I have two sisters. One works in Mumbai. The other lives in New York. None of us left feeling like we were breaking rules. We left feeling prepared. There is a difference. When you leave to rebel, you carry tension with you. When you leave with support, you carry stability.
Why Early Attachment Leaves A Lifelong Mark
The way a father shows up in a daughter’s early years quietly becomes her blueprint for the world. If she grows up feeling trusted, she does not constantly question herself later. If she grows up feeling secure, uncertainty feels manageable rather than overwhelming.
What begins as attachment slowly turns into self-belief.
The Father–Daughter Dynamic: What Carries Into Adulthood
A father’s expectations often become a daughter’s inner standard. When he treats her opinions seriously, she learns her voice holds weight. When he assumes she is capable, she begins to assume the same.
That early dynamic shapes how she negotiates rooms, opportunities and relationships long after she has left home.
How A Father's Presence Builds A Daughter's Inner Strength
Strength is not always loud. Sometimes it is the simple absence of doubt planted at home. When a father does not project fear onto his daughter, she does not internalise limitation. She learns to approach the world with steadiness rather than caution.
That steadiness becomes resilience.
What shaped me most was not grand advice or long lectures about ambition. It was the absence of fear.
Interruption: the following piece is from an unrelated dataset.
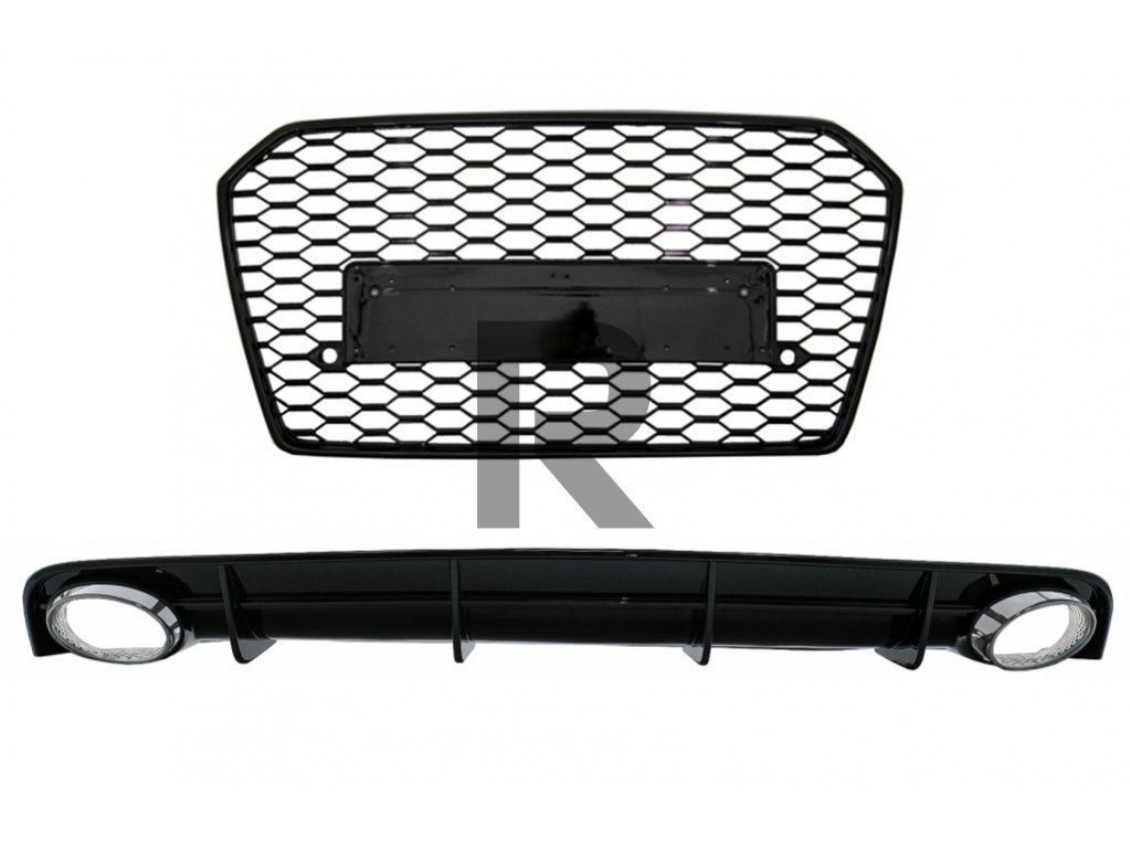 Difúzor a koncovky výfuku pre zadný nárazník Audi A6 4G Facelift (2015-2018) s prednou mriežkou RS6 Design Black, iba pre nárazník S-Line

My father never projected his anxieties onto us. He never said the world is unsafe for girls so be smaller. He never suggested that comfort is safer than courage. He trusted us early. And when someone trusts you before you have proven yourself, you grow into that trust.
There is something powerful about a father who looks at his daughter and sees possibility, not protection as limitation. He did not try to shield us from the world by shrinking it. He expanded it instead.
Being from a small town never felt like something to overcome because he never treated it that way. He always knew I was more than a small town girl. Not in a dismissive way, but in a believing way. He saw range before I did.
People still call it luck. Maybe it is. But it is also perspective. It is a father deciding that his daughters will not inherit hesitation. It is a parent choosing confidence over control.
The father–daughter bond shapes everything, not through spectacle, but through standards. Through what is allowed to feel normal. Through what is encouraged without applause.
I did not grow up feeling extraordinary for wanting more. I grew up feeling entitled to it.
And that has made all the difference.